Peter Ninneman | Tuesday, September 27, 2005

Notre Dame’s First Year of Studies (FYS) program is meant to be a guiding force for freshmen, the University’s attempt to stabilize the potentially unstable. While some freshmen are taking full advantage of the resources, others are unaware of their existence or skeptical of their benefits.

The FYS Learning Resource Center (LRC) provides small-group workshops and individual appointments to help students learn better strategies for studying and adjusting to the academic life at Notre Dame. Help topics include time management, test preparation, efficient reading and getting organized.

The LRC also provides assistance in improving English language skills of non-native speakers.

Sandra Harmatiuk, one of two LRC directors who presents workshops and provides individual instruction, predicted that this year’s freshman class will use the LRC more than the previous five years’ classes by the end of the fall semester.

“In the past five years, the average number of participants in Learning Strategies programs has averaged 225,” Harmatiuk said. “As of the end of the fourth week of classes, the participation is already at 110 – more than double [in] the same period for 2004.”
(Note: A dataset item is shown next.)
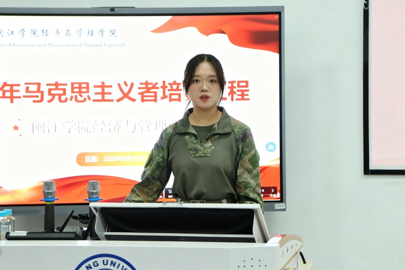 9月22日召开的“山河无恙,吾辈自强”主题宣讲会上,曾服役于武警甘肃总队兰州支队的退役女兵,来自2025级酒店管理专业的陶睿同学作“致敬橄榄绿,守护万家安”的宣讲,分享自身的入伍经历,讲述了中国武警“用脚步丈量平安,用责任铸就防线”的赤诚担当,呼吁青年们增强国防意识,共同守护家园。

In addition to providing students with the LRC, FYS gives students access to peer advisors, upperclassmen who provide informal help in matters of adjusting to campus and dorm life as well as study habits.

Some freshmen still don’t realize that they have access to peer advisors.

When asked if she had visited a peer advisor yet, Kristina Merz said, “No. Do we have one of those?”

However, most freshmen said they knew and had met with their peer advisor.

“It was helpful to meet my peer advisor because she is really knowledgeable about the resources available to first year students,” freshman Alessandra Bouchard said. “I know that if I have any problems in the future she will be a good person to go to.”

Not all freshmen, however, found the experience so beneficial.

“Actually, I would have rather stayed home to do homework,” freshman Matt Kernan said. “It didn’t really help too much.”

Through FYS, freshmen also have individual meetings with their academic advisors to discuss subjects like required classes and potential majors. Assistant FYS dean Holly Martin said each full-time first year advisor has an average of 488 individual meetings with first year students during the fall semester.

“Some students may only have one one-to-one meeting with their advisor, others have many more,” Martin said. “It depends on the needs of the student.”

These needs may be minimal, in the freshman’s eyes.

Although the FYS keeps “pestering” him to set up an appointment, freshman Nathan Bernardi said, “I don’t have time for it right now.”

But freshman Devin Fee found his meeting with his academic advisor useful.

“It helped me put things in perspective,” Fee said. “She organized my priorities and promised support if I needed it.”